Still, my mom believed him.
Both Things Can Be True
I am learning that I can choose to focus on the abundance without lying about the scarcity. All of the awfulness is true. That does not have to change for the good to be true, too. That so much is better than it used to be and, God help us, humanity can keep pushing for more Better. That the tragedies of my own life don’t have to be justified, but they can be mined. That under all of this unrest, all this chaos, all this pain and not-as-it-should-be are the promises of hope, the big universal Source showing up on a paddle board or in a teddy bear ballon or under a fig tree, the peace that comes from trusting the Light because you’ve seen it show up in dark places before. The Love that whispers in those moments to lean in, come close, choose hope.

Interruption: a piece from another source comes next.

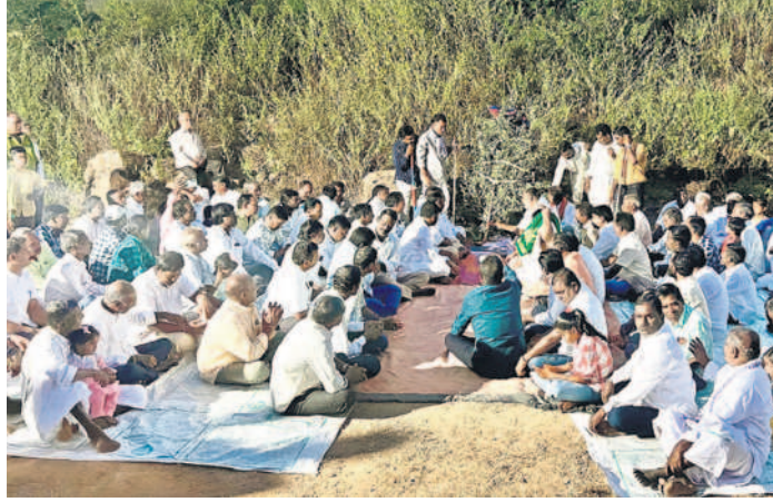
ఇందల్యాంలలో శమి పూజలు నిర్వహిస్తున్న గ్రామస్తులు

So that yes, some person walked his dogs today and that is why we saw beagles. But also, this is the first time that word has been presented to you and you just happened to see that type of dog today. So listen, yes, God cares about your reading lesson and those dogs and that man and the mom who looks for too many connections for her own good sometimes, but needs reminding that the truest connections, the ones worth a “Thanks, God,” are the ones that bring us home to Love.